**** Given data

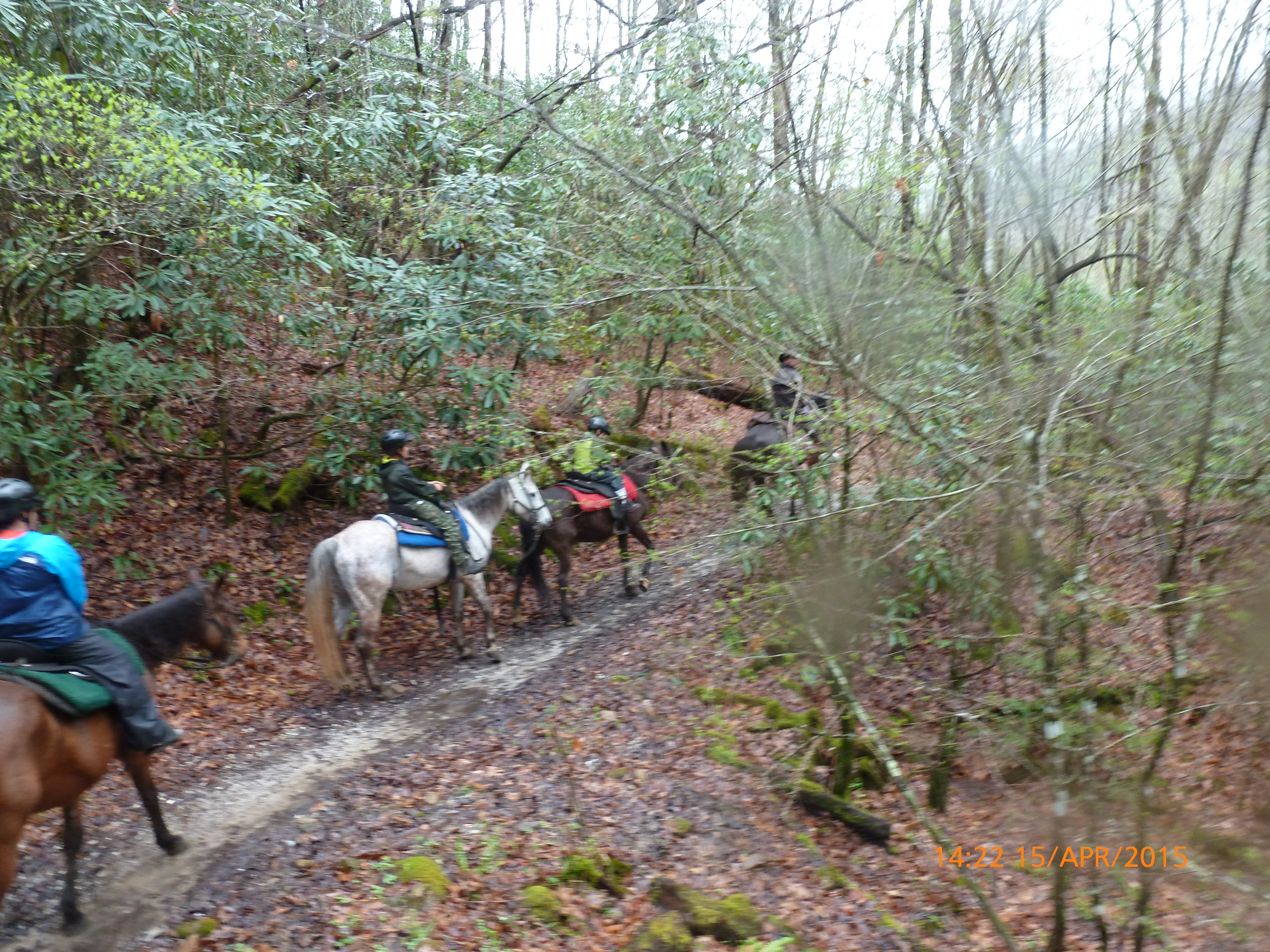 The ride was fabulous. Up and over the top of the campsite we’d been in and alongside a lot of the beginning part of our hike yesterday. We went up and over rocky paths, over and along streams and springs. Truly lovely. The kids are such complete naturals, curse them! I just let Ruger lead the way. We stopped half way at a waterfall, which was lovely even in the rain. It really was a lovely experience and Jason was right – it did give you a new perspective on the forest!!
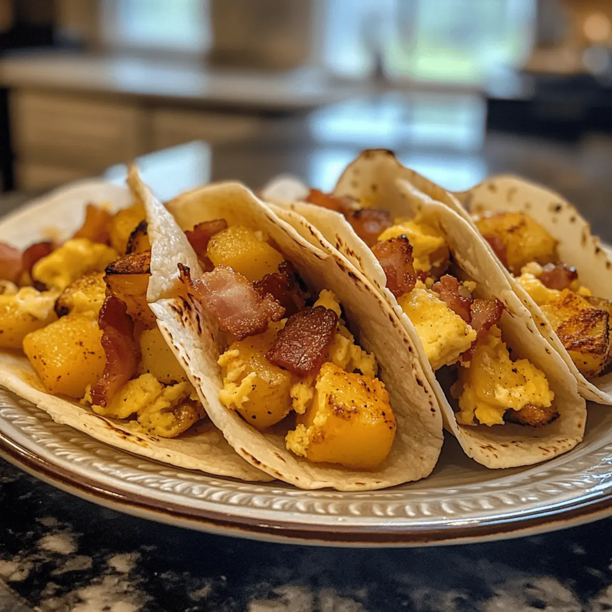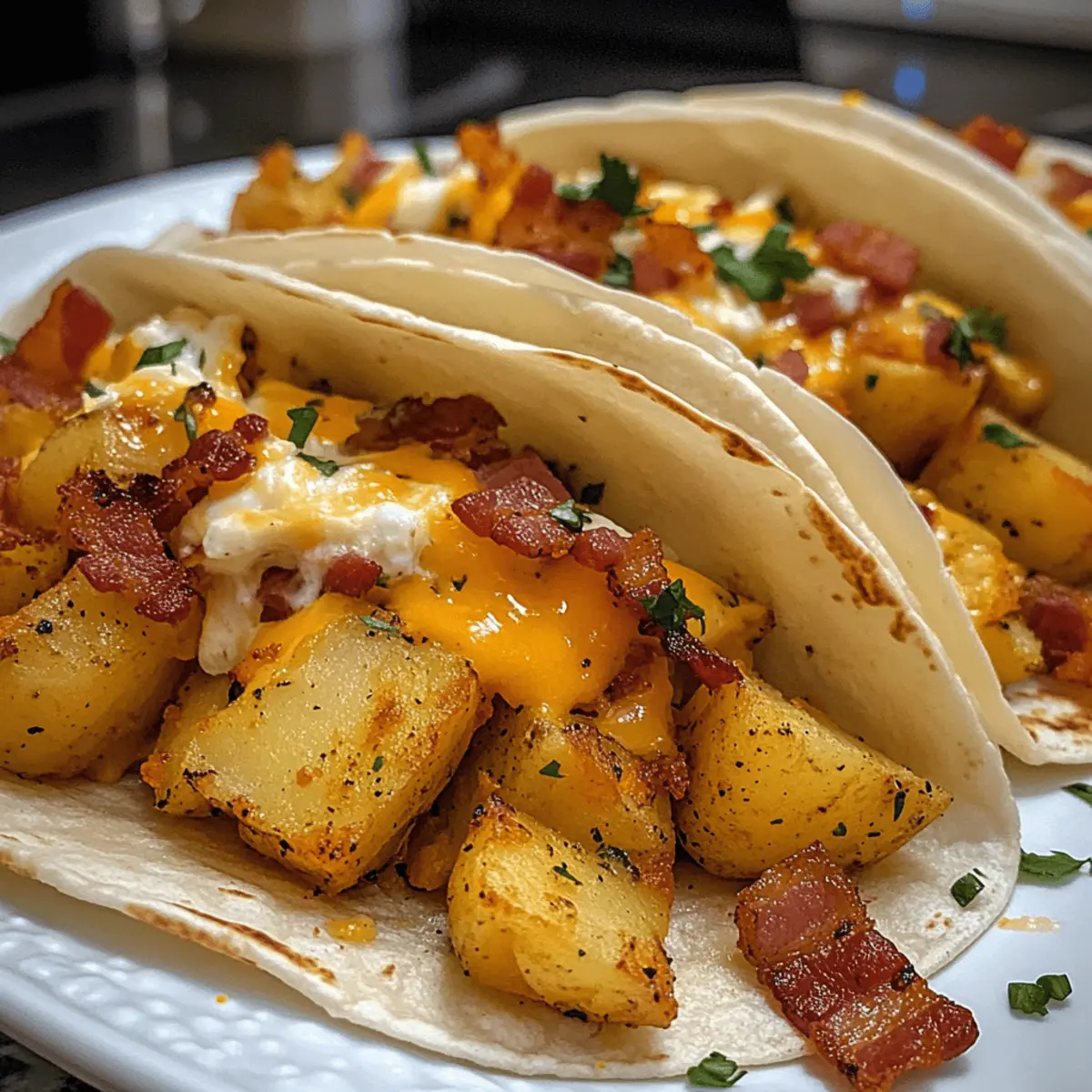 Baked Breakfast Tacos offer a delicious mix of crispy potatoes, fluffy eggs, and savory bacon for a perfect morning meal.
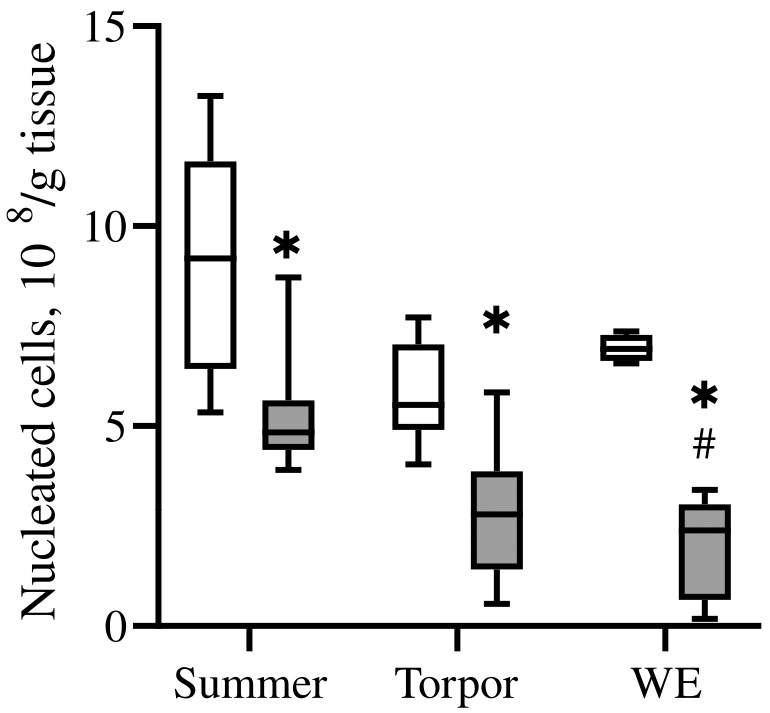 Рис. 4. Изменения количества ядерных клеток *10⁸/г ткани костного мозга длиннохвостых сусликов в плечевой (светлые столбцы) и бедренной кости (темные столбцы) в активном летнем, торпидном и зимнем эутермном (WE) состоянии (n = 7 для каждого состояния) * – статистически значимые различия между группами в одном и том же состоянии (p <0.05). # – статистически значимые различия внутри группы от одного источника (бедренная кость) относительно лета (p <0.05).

********

The lines running from the beginning of the listing above through the line that holds "Baked Breakfast Tacos" are to be duplicated exactly, both ends kept, pictures omitted.

*Answer box*
 The ride was fabulous. Up and over the top of the campsite we’d been in and alongside a lot of the beginning part of our hike yesterday. We went up and over rocky paths, over and along streams and springs. Truly lovely. The kids are such complete naturals, curse them! I just let Ruger lead the way. We stopped half way at a waterfall, which was lovely even in the rain. It really was a lovely experience and Jason was right – it did give you a new perspective on the forest!!
 Baked Breakfast Tacos offer a delicious mix of crispy potatoes, fluffy eggs, and savory bacon for a perfect morning meal.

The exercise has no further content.